My name is Nikos Tsouknidas.
Thank you for having us in Copenhagen.
Ingrid, Michael, everybody.
It's a lovely city.
And thank you for the intro, David.
So my name is Nikos Tsouknidas,
which is a difficult Greek name,
I know.
So you can call me Nick,
Nikos,
Nikolas,
or just Tsouk.
Which I've been told that it's a weird thing in Turkish.
So apologies to any Turkish people here.
I know at least one who's chuckling.
So a
little bit about me, my back story.
I started as a comic book artist.
And then I studied computer science.
Then I did some illustration.
Then went to do interaction design and augmented reality.
Then back to illustration.
So I guess maybe you see a pattern here.
So I've been basically playing jump rope with design engineering.
Then I went to Japan and did design strategies,
what I think says there.
And then came back to Europe.
And for the last five years,
I've been a software engineer at the BBC.
So I guess...
I am a developer with a design background.
Working in UX&D.
Which is quite new in our organization,
at the BBC.
And in these years,
in the last five years,
what has happened at the BBC
is that the gel team
has actually changed the wonderful and amazing
but different landscape of the BBC
to
a nicely kept garden.
And following our guidelines,
our designers have gone out.
And they have changed the way things look at the BBC.
The way they look and they interact.
For the last year,
I've been working in this team,
the Global Experience Language team.
But as a software engineer, not as a designer.
And I went in to look underneath the surface.
And underneath that surface,
things are a little bit different.
In a way, that's to be expected.
I don't know if you know of Melvin Edward Conway.
A computer scientist,
a programmer and a hacker, apparently.
Mr. Conway here.
So he coined this phrase, which I love.
And it says...
I'm going to read that out.
Organizations with design systems are constrained to produce designs
which are copies of the communication
structures of these organizations.
And in the BBC,
our communication structures
are mainly product structures.
As you saw from David's slides,
we have lots of products,
even more than these.
Those are just a small piece of them.
Now, this is not the case in the UX&D team.
And this is why
the UX teams are quite different.
They work differently.
So what
we were due for was an organizational change last year.
And what happened
is that our heads of departments decided that
we were going to change the name of our division
from digital to design engineering.
And that's a
really good phrase here.
As you can see,
design comes first in this phrase,
which is how it should be.
Design should come first before engineering.
Actually,
even in engineering itself,
design should come first.
What GEL did, what the GEL team did,
is that
they brought the design disciplines together.
But it's not the same in engineering.
Sometimes it feels like engineering is drifting apart.
If you look closer, under the hood, as we say,
there are large distances to cross in engineering.
And also, between design and engineering,
this little amber stamp there with the space,
it's not doing enough to bring design and engineering together.
So
what we're going to do as the GEL engineering initiative
is to bring design and engineering together
and also attempt to get engineering working better within itself.

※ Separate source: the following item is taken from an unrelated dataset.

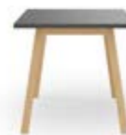
PAN 3910 TABLE À QUATRE PIEDS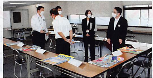
最終審査会の様子

And I'm quoting a poem here.
Whoever finds it gets a
little thing in the end.
So we have some problems, we have some aims,
and I'm going to tell you what we're doing about it.
It definitely feels like sometimes
we're pushing tectonic plates together
at VBC.
It's slow, but it's definitely going somewhere.
One of the problems
we have is that sharing
around engineering in the VBC
has
really high costs.
It's difficult to reuse stuff.
And I've been in the meetings where engineers have argued to me
that it's easier to redo something
from scratch than to reuse something.
And they've argued that successfully.
In their arguments,
most phrases were about product backlogs and product owners.
And the main,
the same word there,
as you can see,
is the thing product.
So
we have product things in the VBC,
and inevitably we get silos,
and this is how we manifest Conway's Law.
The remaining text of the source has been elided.